= Stuart Piggin =

Australian historian

Stuart Piggin is an Australian historian of Christianity. He is director of the Centre for the History of Christian Thought and Experience at Macquarie University. According to Rebecca Abbott, writing for Eternity, Piggin has been "rewriting our nation's history" with the aim of putting "Christianity back into Australia's past."

Piggin studied at the University of Sydney, the University of London, and the Melbourne College of Divinity. He taught at the University of Wollongong and the University of Sydney from 1974 to 1990. Piggin then served as Master of Robert Menzies College from 1990 to 2004. In 2004, a Festschrift was published in his honour: Making History for God: Essays on Evangelicalism, Revival and Mission: In Honour of Stuart Piggin, Master of Robert Menzies College, 1990-2004. He is a Fellow of the Royal Historical Society.
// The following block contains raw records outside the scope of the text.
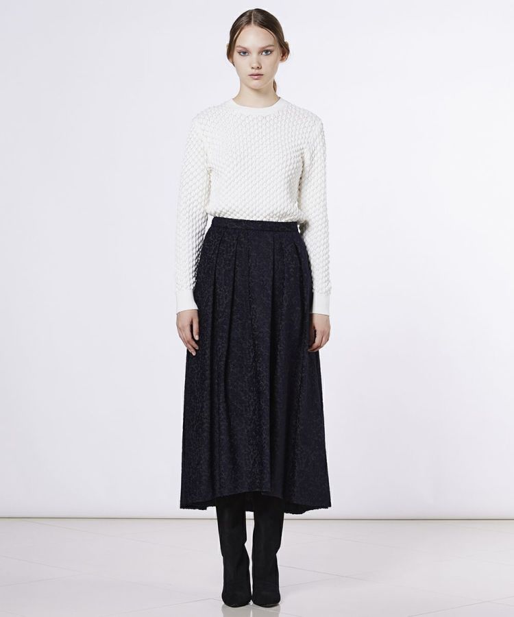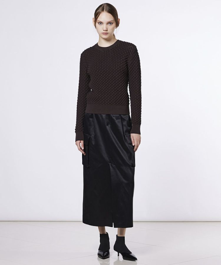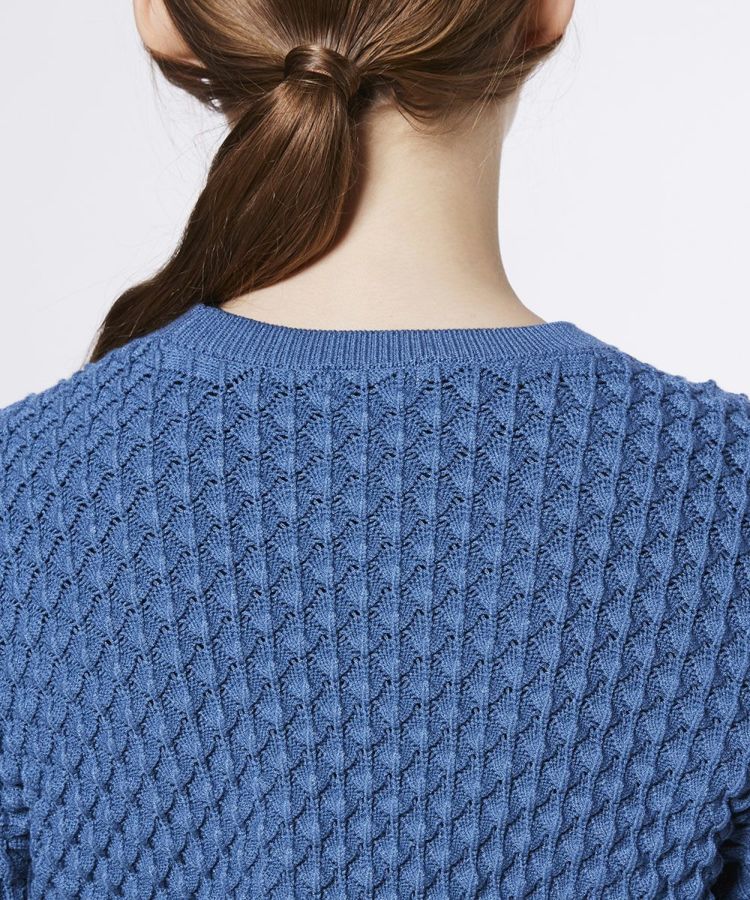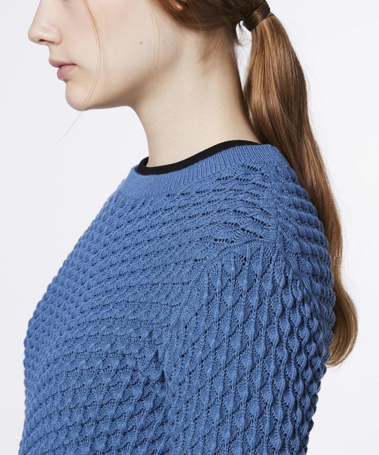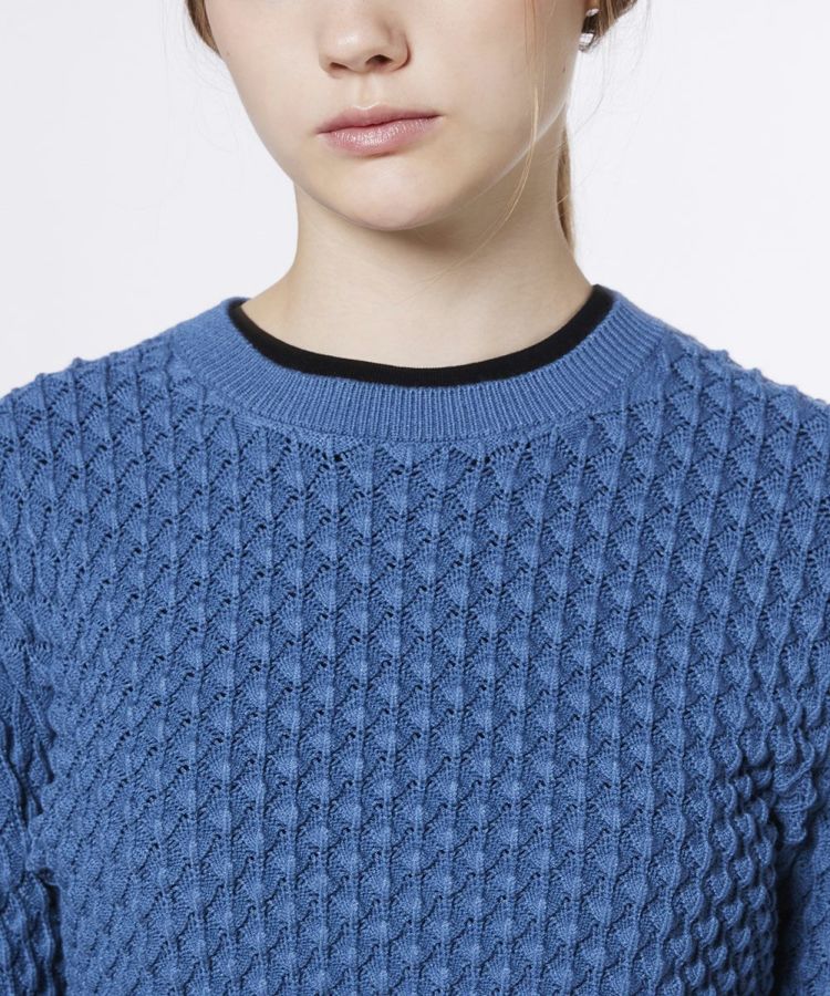 ダブスタ定番のSNOWY糸を使用したクルーネックニット。独特なポップコーン編みで立体感を加えることで、シンプルながらも奥行きのある表情に仕上げました。絶妙な丈感は、デニムからスカートまで幅広いボトムスと好バランス。カラーは、どんなスタイルにも馴染むオフホワイトとダークブラウン、差し色として活躍するブルーの3色展開で、スタイルに合わせて好きなカラーを選べるのも魅力です。
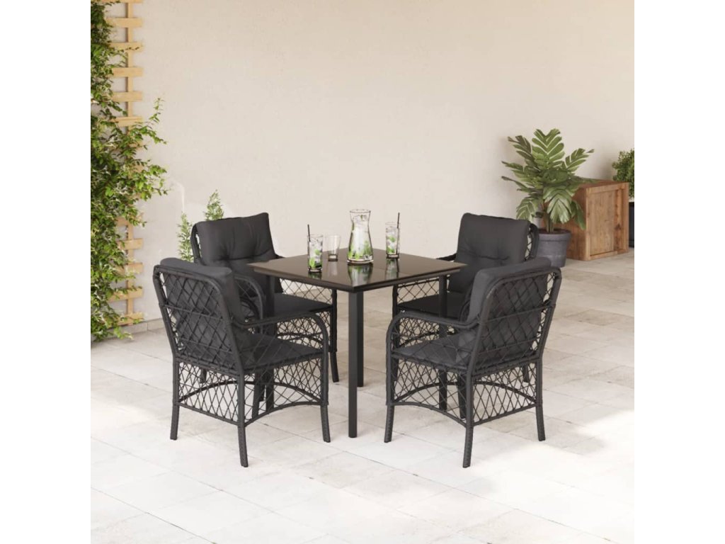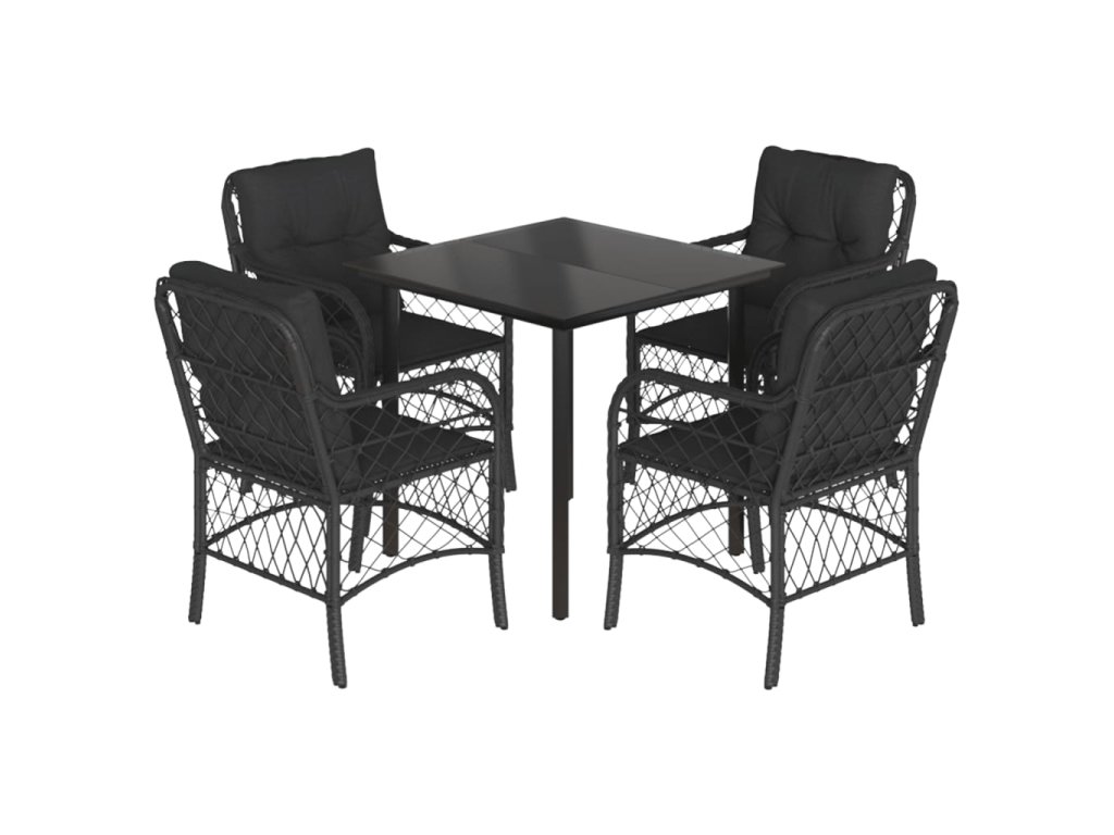 5dílný zahradní jídelní set s poduškami černý polyratan 3212104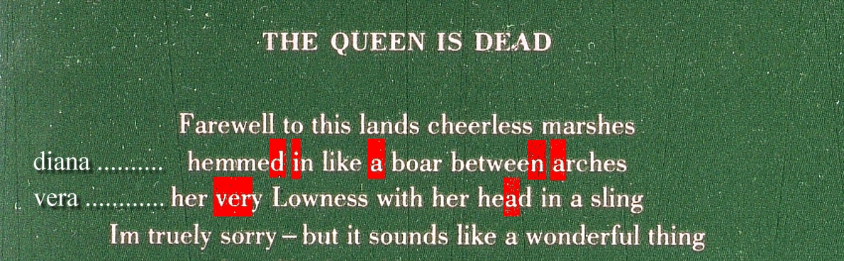 THE QUEEN IS DEAD - Locating "d-i-a-n-a" in the Lyrics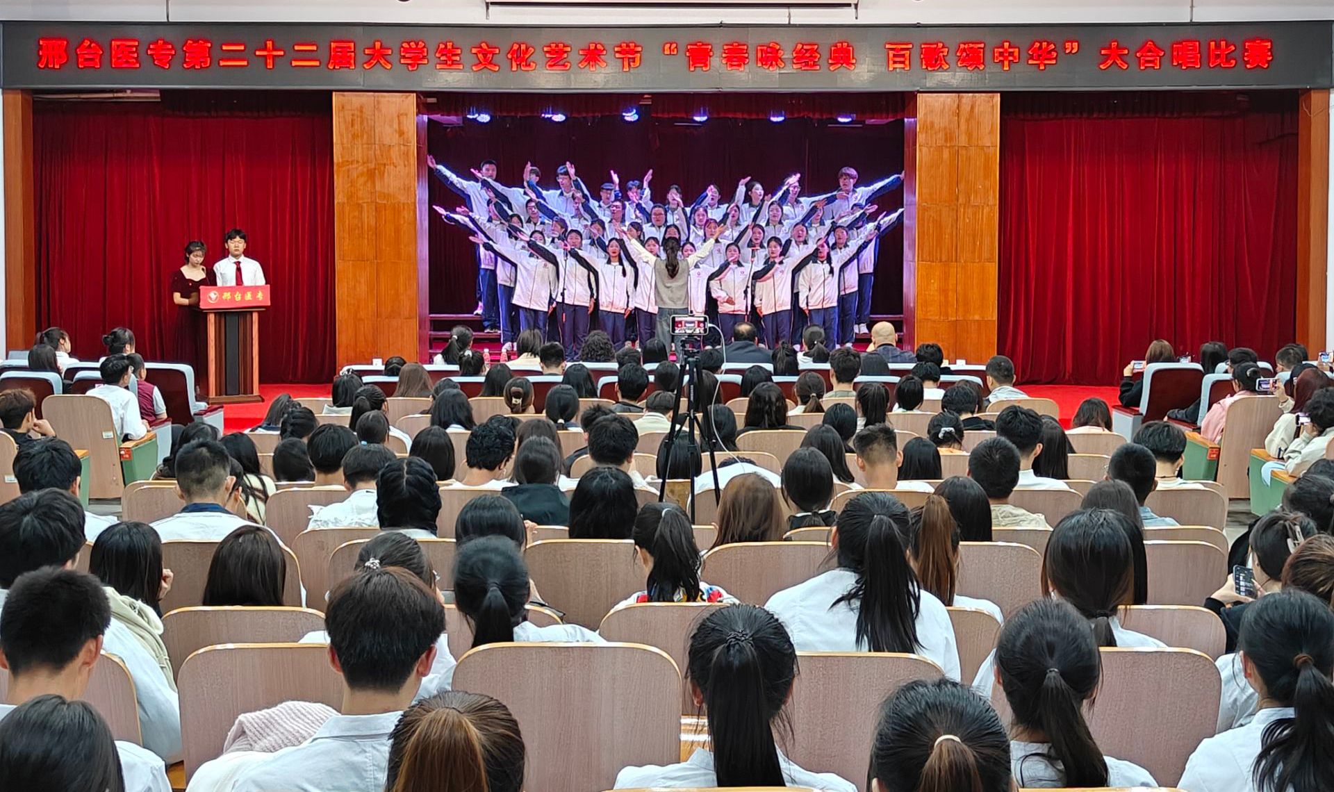 近日,beat365第二十二届大学生文化艺术节开幕式暨“青春咏经典 百歌颂中华”大合唱比赛在学校报告厅隆重举行。团委全体老师,各系团总支书记及学生代表共264人参加。开幕式上,团委高亚楠老师宣读了《关于开展“邢台医专第二十二届大学生文化艺术节”活动的通知》;第二十一届大学生文化艺术节大合唱比赛一等奖团队代表临床医学系索阳阳发言,他号召同学们积极参加校园文化活动,做素质全面、情操高尚的新时代青年。团委副书记杜庆岩在开幕式上对同学们提出三点期望:...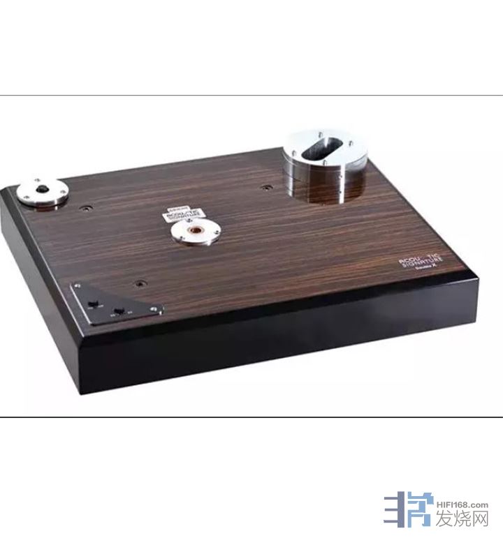 Double X唱盘的设计非常“传统”,搭配了同厂的TA1000唱臂和MCX2唱头。虽然定位不算高,但制造工艺水准却非常之高,其由高密度MDF板材和钢、铝等多种材料以三明治结构用激光切割和柔性胶水打造的65mm厚唱盘底座,底座不但很厚还很重,能够有效减少谐振的影响。而底座的下方配备了三只大型金属避震脚,相信在此级别的转盘中是不常见的配置。厚重的底座表面以光可鉴人的十层钢琴漆面处理,加上可选的木皮纹理组合,让Double X显露出同级唱盘中罕有的华丽外观质感。而且厚重的底座并不光只是好看,还起到很好的抵御谐振的作用。Gunther曾经强调:Acoustic Signature的唱盘本身是不会产生振动的,其转盘均采用恒速的AC/DC(交流/直流,根据不同型号选用不同型号)马达,搭配精密的DSP数字控制系统,可以让转盘达到稳定且低噪音的平稳运转状态。但即便如此,黑胶唱盘还是需要从各个方面抵御与消除谐振的,这些振动不是来自于唱盘内部,而是由喇叭在大音量重放音乐时所引起的频率共振和气流冲击波。Acoustic Signature就是利用唱盘本身的重量来抵挡这些来自于外界的振动。也就是说,Gunther崇尚重盘的设计,因此他家的唱盘越贵的越重,越重的也越静。

Piggin wrote Evangelical Christianity in Australia: Spirit, Word and Work (Oxford University Press, 1996). The Fountain of Public Prosperity: Evangelical Christians in Australian History 1740–1914 (co-authored with Robert Linder) won Australian Christian Book of the Year in 2019.

Piggin received an honorary Doctor of Theology degree from the Australian College of Theology in 2023.